RECORDS PROVIDED ::

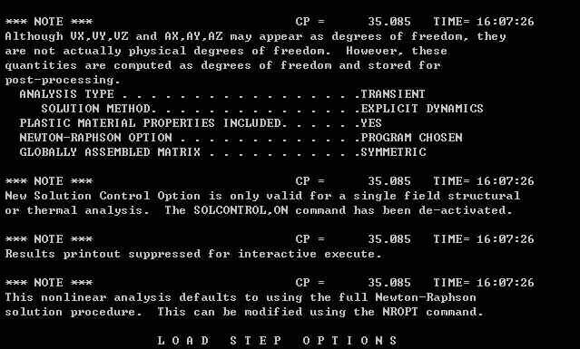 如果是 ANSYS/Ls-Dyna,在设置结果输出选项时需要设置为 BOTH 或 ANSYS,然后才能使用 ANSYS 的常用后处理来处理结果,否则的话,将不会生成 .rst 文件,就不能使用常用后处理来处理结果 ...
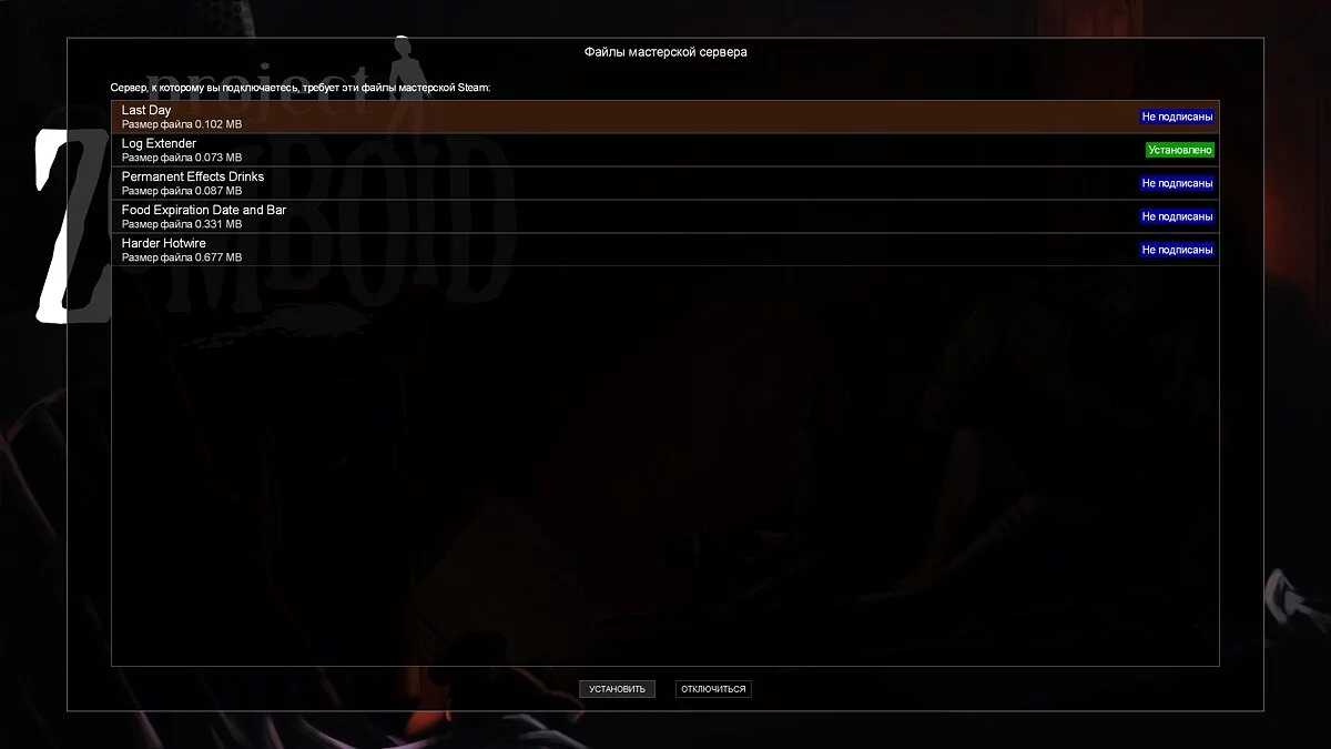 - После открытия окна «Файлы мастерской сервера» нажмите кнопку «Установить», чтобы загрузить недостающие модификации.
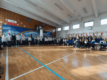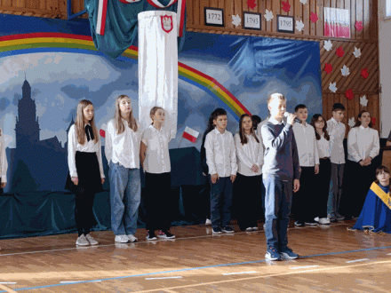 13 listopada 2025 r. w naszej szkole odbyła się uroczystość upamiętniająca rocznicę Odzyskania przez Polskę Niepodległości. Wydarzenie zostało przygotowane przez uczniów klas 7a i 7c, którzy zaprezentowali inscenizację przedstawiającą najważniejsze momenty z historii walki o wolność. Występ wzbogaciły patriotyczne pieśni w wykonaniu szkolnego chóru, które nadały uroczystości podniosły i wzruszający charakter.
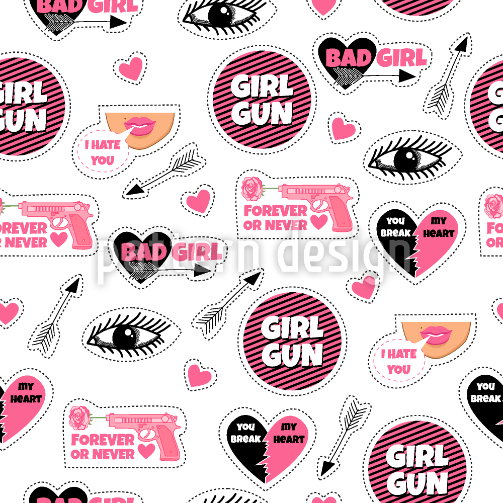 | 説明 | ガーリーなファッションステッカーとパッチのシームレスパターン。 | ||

--

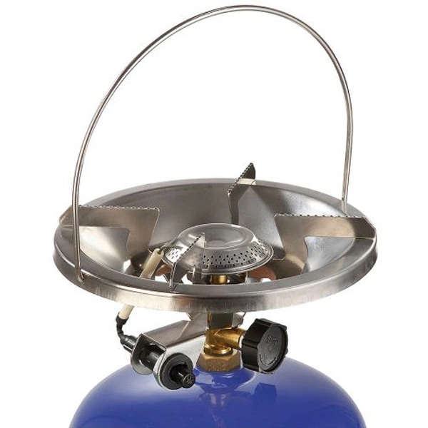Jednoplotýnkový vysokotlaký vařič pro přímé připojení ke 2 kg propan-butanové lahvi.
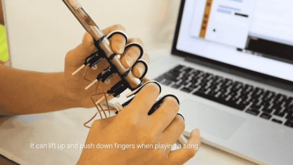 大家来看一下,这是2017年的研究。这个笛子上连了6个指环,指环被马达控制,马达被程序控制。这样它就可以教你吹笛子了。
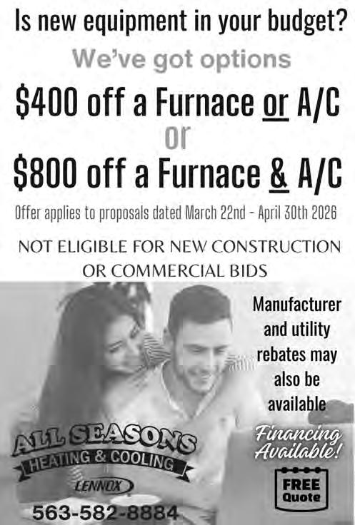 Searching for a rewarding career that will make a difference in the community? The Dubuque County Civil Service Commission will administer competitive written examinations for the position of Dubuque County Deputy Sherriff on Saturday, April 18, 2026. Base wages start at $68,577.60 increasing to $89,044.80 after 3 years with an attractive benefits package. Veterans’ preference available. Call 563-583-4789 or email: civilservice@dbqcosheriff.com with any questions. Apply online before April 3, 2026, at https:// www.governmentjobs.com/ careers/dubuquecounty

EXERCISE REQUIREMENTS :: Using the records above, print exactly the lines between the ones containing "如果是 ANSYS/Ls-Dyna,在设置结果输出选项时需要设置为 BOTH" and "ガーリーなファッションステッカーとパッチのシームレスパターン。 | ||", inclusive, and nothing else; no pictures.

EXPECTED ANSWER ::
 如果是 ANSYS/Ls-Dyna,在设置结果输出选项时需要设置为 BOTH 或 ANSYS,然后才能使用 ANSYS 的常用后处理来处理结果,否则的话,将不会生成 .rst 文件,就不能使用常用后处理来处理结果 ...
 - После открытия окна «Файлы мастерской сервера» нажмите кнопку «Установить», чтобы загрузить недостающие модификации.
 13 listopada 2025 r. w naszej szkole odbyła się uroczystość upamiętniająca rocznicę Odzyskania przez Polskę Niepodległości. Wydarzenie zostało przygotowane przez uczniów klas 7a i 7c, którzy zaprezentowali inscenizację przedstawiającą najważniejsze momenty z historii walki o wolność. Występ wzbogaciły patriotyczne pieśni w wykonaniu szkolnego chóru, które nadały uroczystości podniosły i wzruszający charakter.
 | 説明 | ガーリーなファッションステッカーとパッチのシームレスパターン。 | ||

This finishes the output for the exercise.